#### TASK:
Repeat the data exactly, leaving out any image.

———

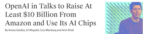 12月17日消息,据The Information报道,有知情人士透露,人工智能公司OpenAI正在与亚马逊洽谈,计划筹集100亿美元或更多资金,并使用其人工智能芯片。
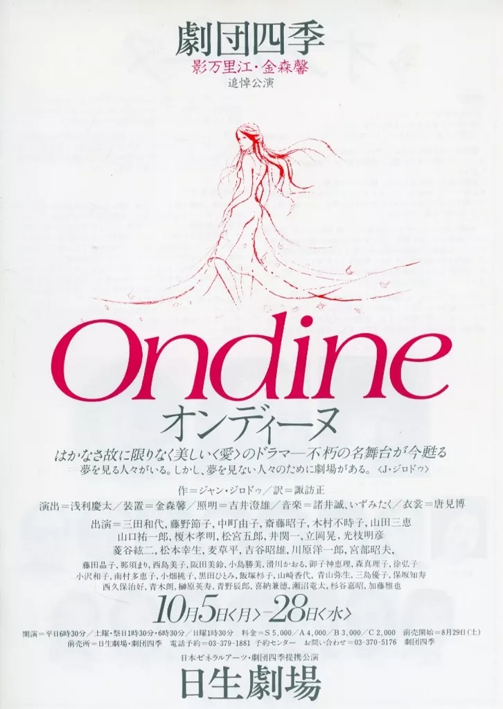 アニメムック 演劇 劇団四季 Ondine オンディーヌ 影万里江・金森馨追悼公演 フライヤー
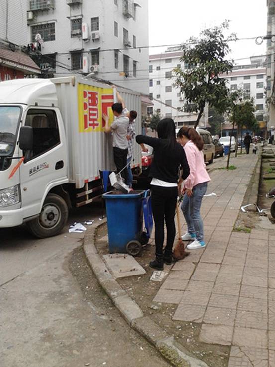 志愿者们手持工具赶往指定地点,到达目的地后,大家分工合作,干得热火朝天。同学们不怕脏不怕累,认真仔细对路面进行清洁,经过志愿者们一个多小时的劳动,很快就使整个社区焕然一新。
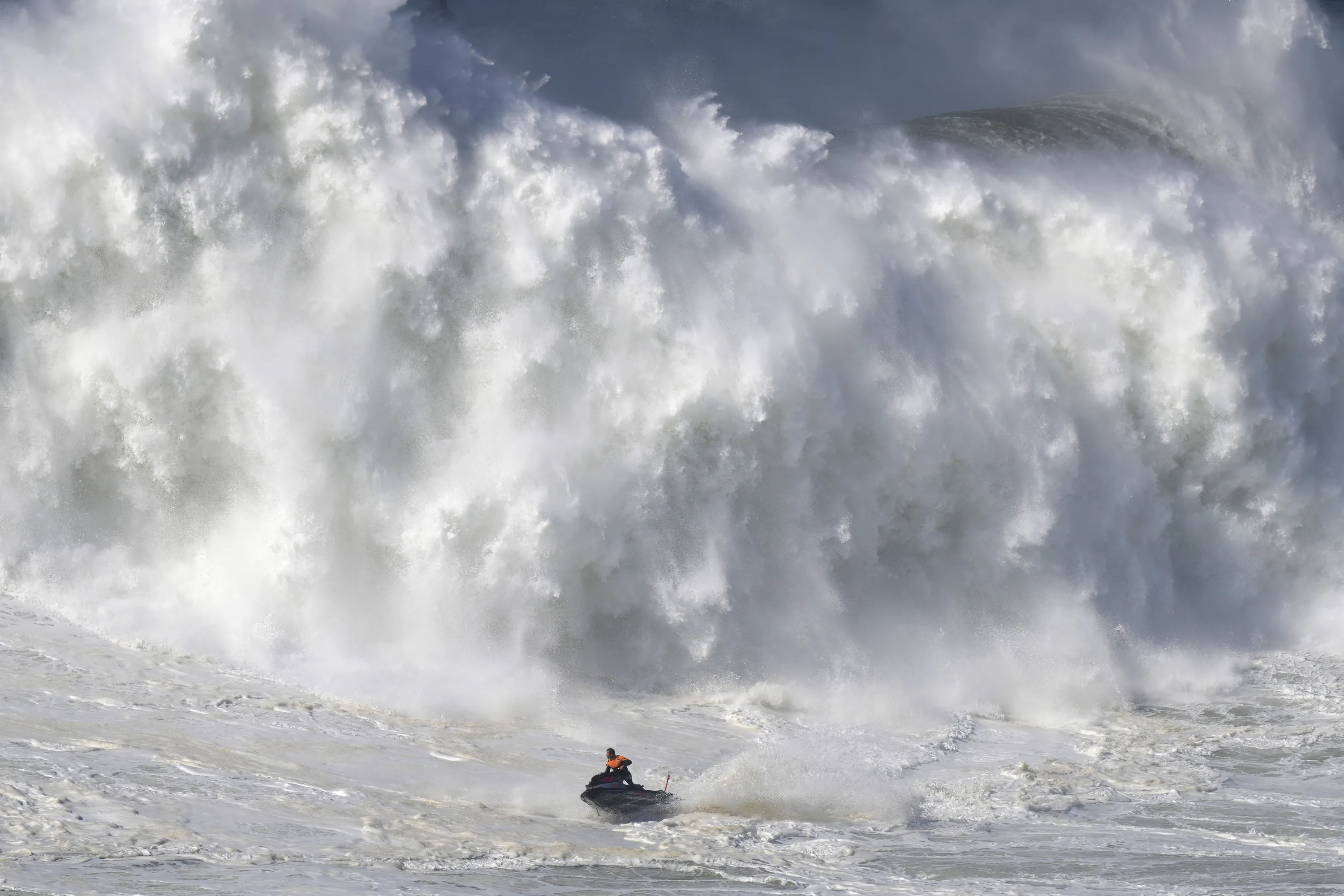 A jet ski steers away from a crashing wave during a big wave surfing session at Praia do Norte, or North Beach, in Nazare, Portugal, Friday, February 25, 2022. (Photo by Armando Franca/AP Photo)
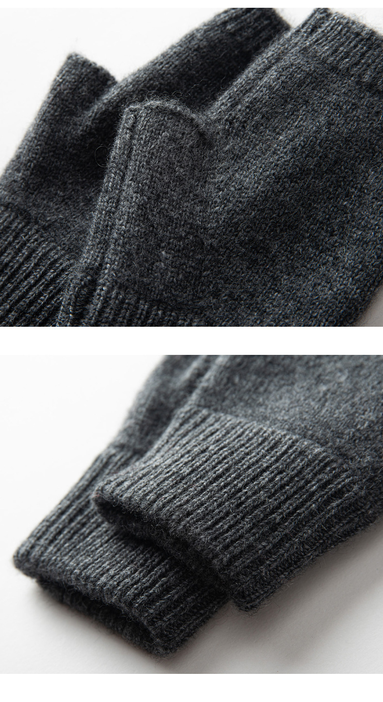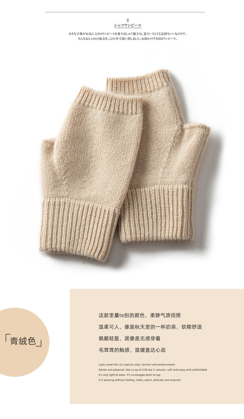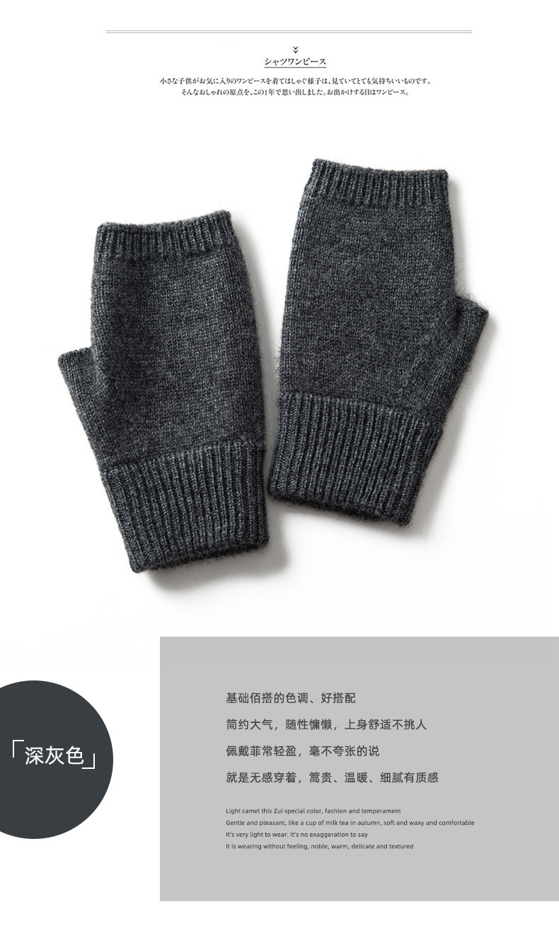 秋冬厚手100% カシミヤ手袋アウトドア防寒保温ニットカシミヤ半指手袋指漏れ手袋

———

#### RESPONSE TO THIS TASK:
 12月17日消息,据The Information报道,有知情人士透露,人工智能公司OpenAI正在与亚马逊洽谈,计划筹集100亿美元或更多资金,并使用其人工智能芯片。
 アニメムック 演劇 劇団四季 Ondine オンディーヌ 影万里江・金森馨追悼公演 フライヤー
 志愿者们手持工具赶往指定地点,到达目的地后,大家分工合作,干得热火朝天。同学们不怕脏不怕累,认真仔细对路面进行清洁,经过志愿者们一个多小时的劳动,很快就使整个社区焕然一新。
 A jet ski steers away from a crashing wave during a big wave surfing session at Praia do Norte, or North Beach, in Nazare, Portugal, Friday, February 25, 2022. (Photo by Armando Franca/AP Photo)
 秋冬厚手100% カシミヤ手袋アウトドア防寒保温ニットカシミヤ半指手袋指漏れ手袋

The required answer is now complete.